How two information portals hide their ties to the Russian news agency InfoRos
In March this year, we stumbled across articles from a French website called Observateur Continental, which had spread disinformation related to COVID-19, including an article repropagating an interview with the US professor of international law Francis Boyle, who had falsely asserted without evidence that the “COVID-19 is a perfect biological weapon”.
Based on this, we began to look deeper into Observateur Continental and uncovered that two information portals (oneworld.press and observateurcontinental.fr) hide their ties to InfoRos – a news agency previously linked to Russian military intelligence (GRU), according to reports by the Washington Post and Stanford Internet Observatory.
EU Joint Communication on the Infodemic
Last week, the European Commission and EEAS released a Joint Communication on the COVID-19 infodemic (if you’re looking for a concise write-up, TechCrunch has it). Responding to this, we released our position on the Communication; in essence, we push for a more robust, decentralised EU financial framework for supporting civil society in Europe. We’re also deeply concerned about the European Commission’s intention to fight disinformation with more strategic communications.
In the news
- In an effort to curb the virality of mis/disinformation, Twitter is testing a new design feature, which would ask users if they would like to open a link first before sharing it.
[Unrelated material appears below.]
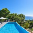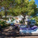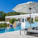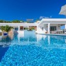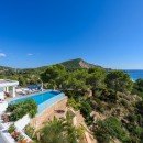 Villa Casa Blanca Jondal stands as a sophisticated and modern residence perched gracefully upon a captivating hillside above Cala Jondal Beach, renowned for its prestigious Blue Marlin Beach Club. The landscape, adorned with pine trees, descends gently towards the glistening turquoise expanse of the Mediterranean waters. Here, you are invited to unwind in complete seclusion, immersing yourself in the remarkable vistas that unfold before you. These panoramic views can be enjoyed not only from the salt-water infinity pool but also from every corner of the garden terrace.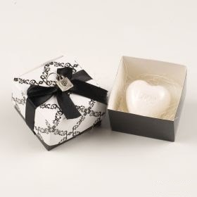 Un jabón con forma de corazón presentado en una cajita regalo con aire vintage

- Democratic presidential candidate Joe Biden has written to Facebook to ask the platform to “proactively stem the tide of false information” by fact-checking viral election-related information. Additionally, he asked that the platform fact-checks political ads that will run in the two-week period preceding the election. In response, Facebook released a very short statement.
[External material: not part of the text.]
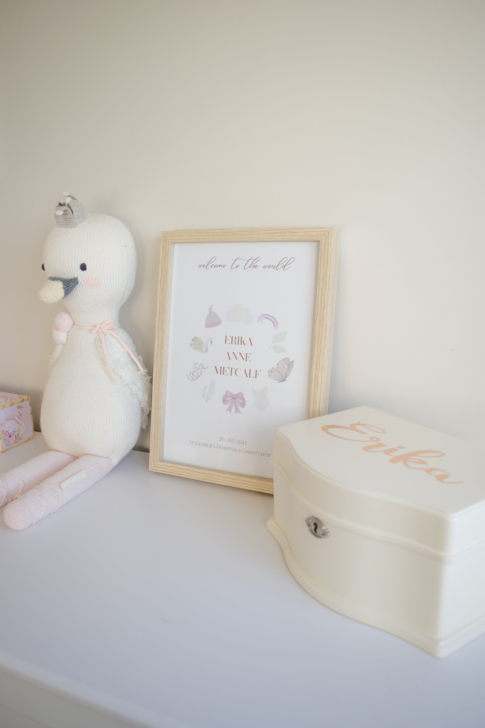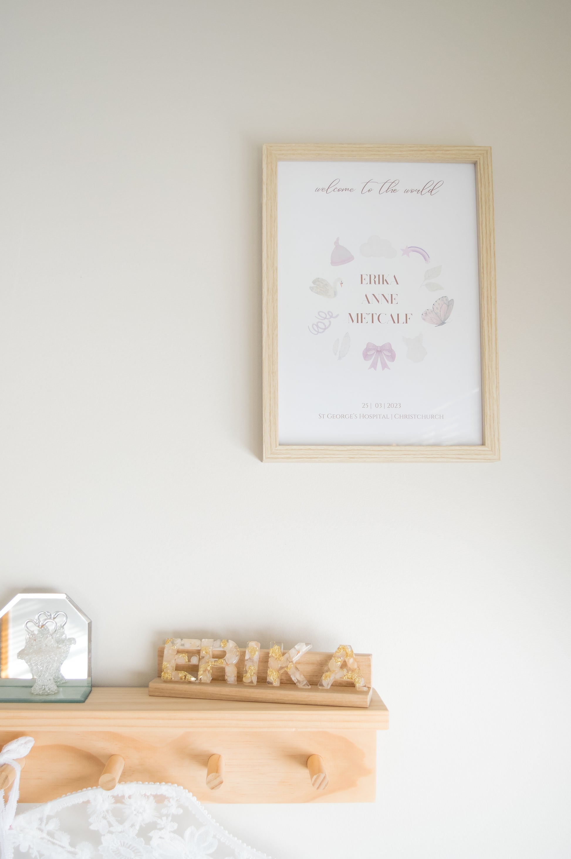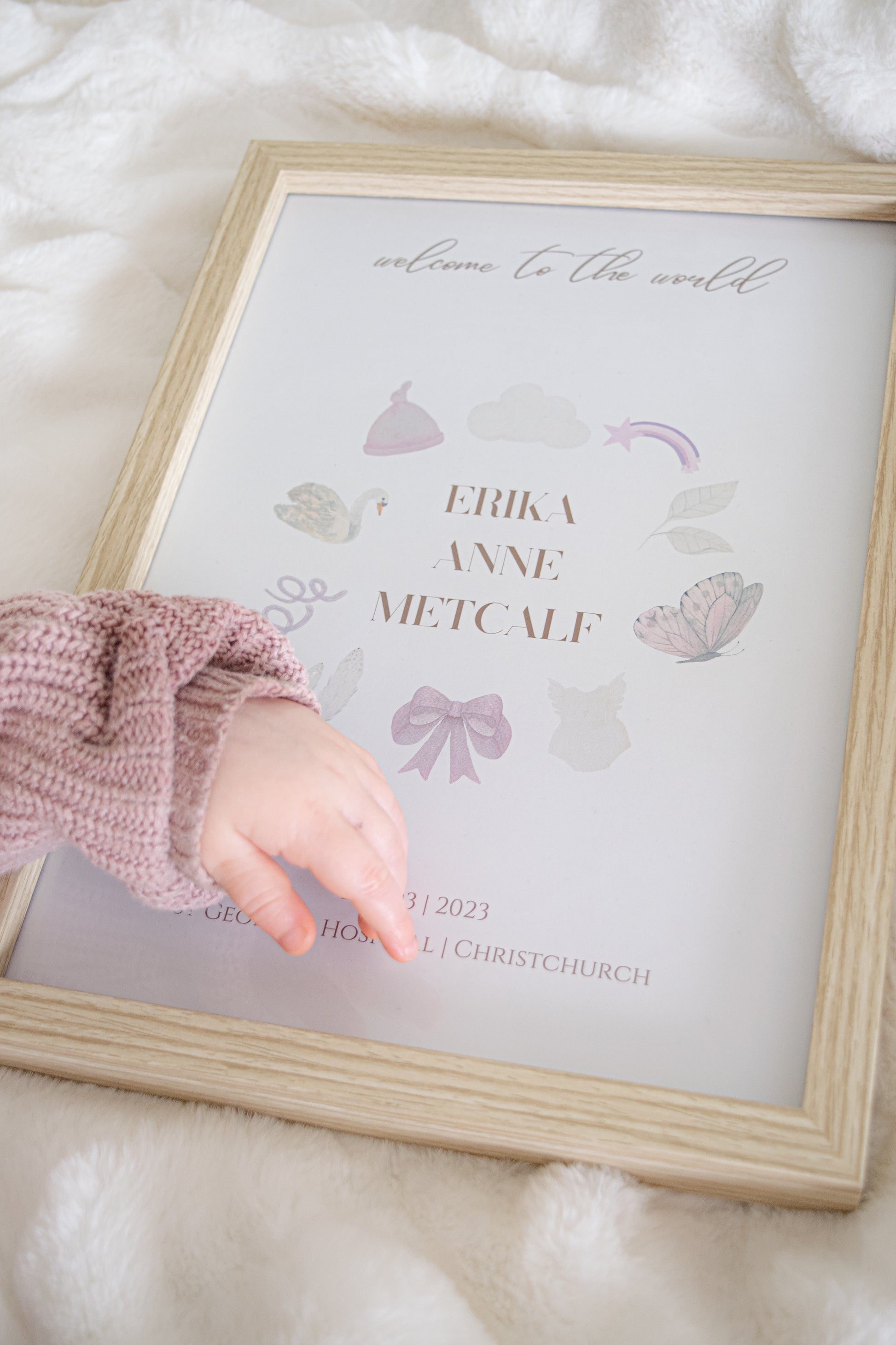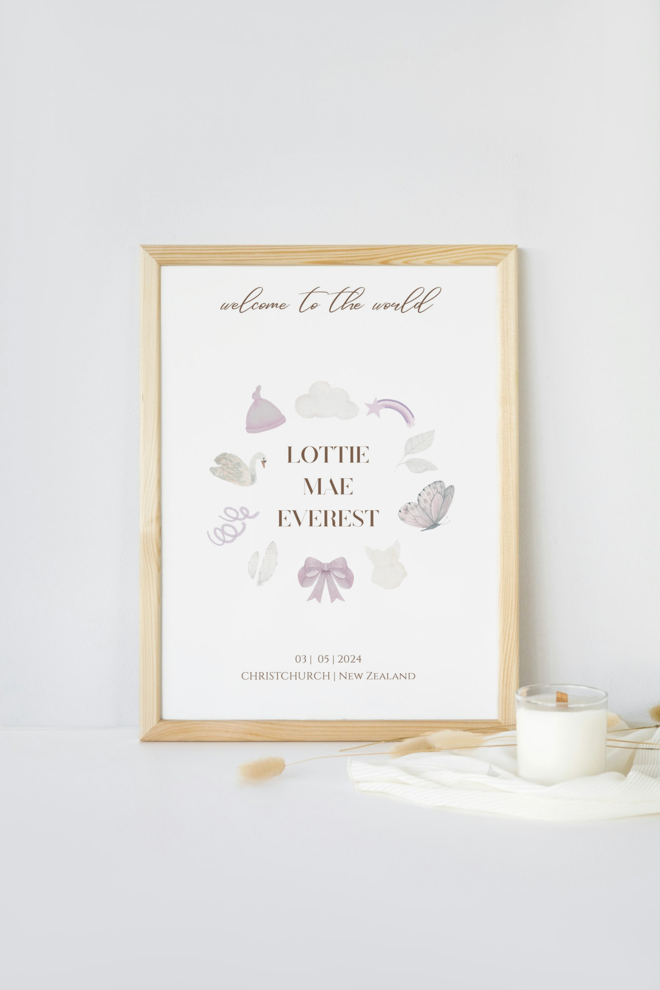Our ‘Viola’ Print is the perfect blend of soft purples & the most beautiful addition to any little girls nursery or bedroom. Personalised with your child’s name, date of birth & place of birth. The perfect keepsake.

- The disinformation campaign to define U.S. protesters as ‘terrorists’ – DRFLab has detailed how a campaign centred on spreading false claims about Antifa “terrorism” gained momentum across the US, influencing both the public and policymakers’ perceptions of the protests.
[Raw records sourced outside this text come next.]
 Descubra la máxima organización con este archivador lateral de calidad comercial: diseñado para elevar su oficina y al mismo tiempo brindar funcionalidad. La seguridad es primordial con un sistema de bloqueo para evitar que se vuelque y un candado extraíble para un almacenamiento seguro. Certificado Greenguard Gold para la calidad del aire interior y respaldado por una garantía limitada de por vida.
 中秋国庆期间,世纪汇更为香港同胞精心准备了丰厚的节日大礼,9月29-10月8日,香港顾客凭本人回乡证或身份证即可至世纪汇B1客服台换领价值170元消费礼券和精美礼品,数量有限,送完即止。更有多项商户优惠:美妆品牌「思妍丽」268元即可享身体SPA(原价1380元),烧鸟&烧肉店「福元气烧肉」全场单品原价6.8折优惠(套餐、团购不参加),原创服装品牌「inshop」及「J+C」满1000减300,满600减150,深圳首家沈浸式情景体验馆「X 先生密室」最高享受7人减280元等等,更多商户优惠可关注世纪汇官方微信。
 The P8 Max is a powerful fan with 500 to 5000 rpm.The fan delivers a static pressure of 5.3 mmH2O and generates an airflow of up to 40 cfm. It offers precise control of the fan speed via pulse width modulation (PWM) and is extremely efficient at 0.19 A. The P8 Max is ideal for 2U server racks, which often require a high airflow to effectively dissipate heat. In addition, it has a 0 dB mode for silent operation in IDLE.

- In a new piece, First Draft outlines 12 principles designers should follow for labelling manipulated media on social media platforms. These range from making labels noticeable and easy to process to using a consistent labelling scheme across contexts.
- Institute for Strategic Dialogue recently released a report reviewing the three major online platforms’ (Facebook, Twitter, and Google) policies to stem the infodemic and their enforcement during the first 100 days.
- Following Twitter’s removal of almost 24,000 accounts linked to China, Stanford Internet Observatory has analysed the content covered by these accounts, finding that the main topics were the Hong Kong protests; COVID-19; exiled Chinese billionaire Guo Wengui, and Taiwan.
Events and announcements
- In collaboration with Mozilla Foundation, Policy has launched Choose Your Own Fake News — a game where characters explore different scenarios that portray how misinformation can have real-life consequences.
- BBC News Africa has launched a searchable library of fact-checks debunking popular myths and misinformation about coronavirus in Africa.
- 17 June, 15:00 CEST @ Transitions with Memo 98 – Tackling the COVID-19 Infodemic: How to Set Up an Effective Monitoring System – a Practical Guide.
- 18 June, 14:00 CEST @ Forum Europe event – GDPR: 2 years on.
- SAVE THE DATE: 27-31 July – RightsCon online.